Christentum und Deutschtum sind seit mehr als einem Jahrtausend eng miteinander verwachsen. Dem Evangelium, das im Alten Testament grundlegend vorbereitet, in Jesus Christus voll geoffenbart ist, verdankt unser Volk seine tiefsten sittlichen und religiösen Überzeugungen und den kostbarsten Bestand seiner geistigen Bildung. Durch deutsche Art hat unser Christentum sein besonderes Gepräge erhalten und ist gerade dadurch auch für andere wertvoll und über­dies ein starkes Band unter und mit den evangelischen Deutschen im Ausland geworden. Trotzdem will man Christentum und Deutschtum einander entfremden, ja auseinanderreißen. Das bedeutet eine tödliche Gefahr für unser Volk. Die Kirche kann dazu nicht schweigen. Sie ruft zum Kampf und zum Einsatz aller Kraft für die immer völligere Durchdringung des Volkslebens mit dem Geiste des Evan­geliums. Wir müssen bleiben, was wir waren, ein Volk, das feine tiefsten Lebenskräfte aus dem Evangelium schöpft. Solche Arbeit an der Seele unseres Volkes muß geschehen gerade auch im Blick auf die innerlich uns entfremdeten Volksgenossen. Wir können und wollen sie nicht lassen.

Die Kirche verkündigt, daß es über der irdischen Heimat eine ewige gibt. Aber das verleitet sie nicht, Heimat und Vater­land gering zu schätzen. Wie sie den Frieden unter den Völkern sucht, so tritt sie ein für Freiheit und Recht des eigenen Volkes. Sie an­erkennt die Freude am Heimatland, an den großen Gestalten, Schöp­fungen und Geschehnissen der vaterländischen Geschichte, an deutscher Bildung und Gesittung. Sie rückt diese Güter ins Licht des Wortes Gottes, um so die Freude an ihnen zu reinigen und zu vertiefen. Sie will, daß die Zustände im Vaterland so sind und werden, daß ohne Unterschied alle Volksgenossen sich darin heimisch fühlen können.
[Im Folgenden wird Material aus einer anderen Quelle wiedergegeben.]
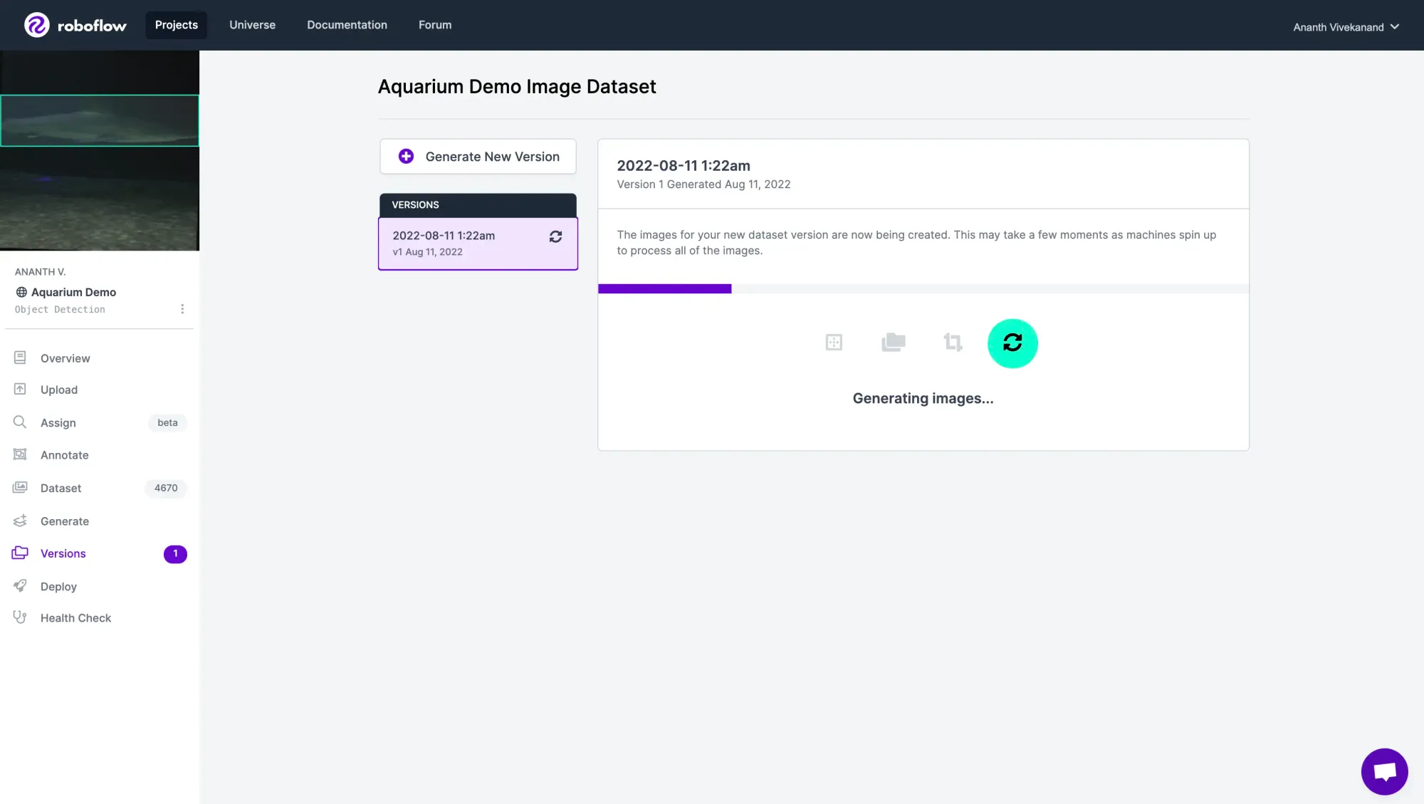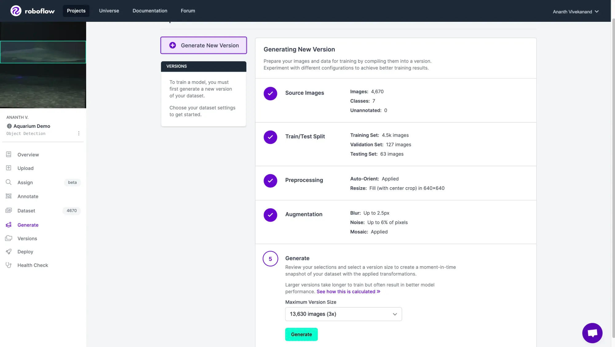 Under the Generate tab, you can generate a dataset from your annotated data. Here, you can choose to apply preprocessing and augmentations to your dataset.

Wir sehen heute Volk und Vaterland von außen unterdrückt, im Innern zerrissen und zerklüf­tet. Bis in die sittlichen Grundlagen der Staats- und Rechtsordnung hinab reicht der Zwiespalt. Die Kirche steht über den Parteien. Sie dient allen ihren Gliedern, gleichviel welcher Partei sie angehören, mit gleicher Liebe und gibt allen -die gleichen Rechte in ihrer Mitte. Sie hat die Aufgabe, die Grundsätze des göttlichen Wortes zur Geltung zu bringen. Sie läßt und gibt dem Staat, was des Staates ist. Der Staat ist uns eine Gottesordnung mit eigenem wichtigen Aufgabenkreis. Getreu den Weisungen der Schrift tut die Kirche Fürbitte für Volk, Staat und Obrigkeit. Ebenso freilich hat sie bestimmte sittliche Forderungen an den Staat zu stellen. Insbesondere kann sie nicht darauf verzichten, in Selbständigkeit und Freimut an Gesetzgebung und Verwaltung die ewigen sittlichen Maßstäbe anzulegen und im gesamten öffentlichen Leben die Forderungen des christlichen Gewissens zu vertreten.

An ihre Glieder stellt die Kirche drei Forderungen. Sie will, daß jeder nach bestem Wissen und Gewissen dem Staatsganzen dient und für das Wohl der Gesamtheit Opfer bringt. Sie will, daß jeder­mann um des Wortes Gottes willen der staatlichen Ordnung untertan ist. Sie will, daß jeder sich seiner Mitverantwortung bewußt ist und sich für alles einsetzt, was Volk und Staat stärkt, bessert und fördert.

Solcher Vaterlandsdienst ist auch Gottesdienst. Wir bitten alle Kirchenglieder, daß sie mit christlicher Gewissenhaftigkeit überall und jederzeit ihre Pflicht tun und am Vaterland nicht verzweifeln. Wir flehen zu Gott, daß er unser Volk und Land bewahre und segne!

Quelle: Allgemeines Kirchenblatt für das evangelische Deutschland, 76, 1927, S. 141 ff.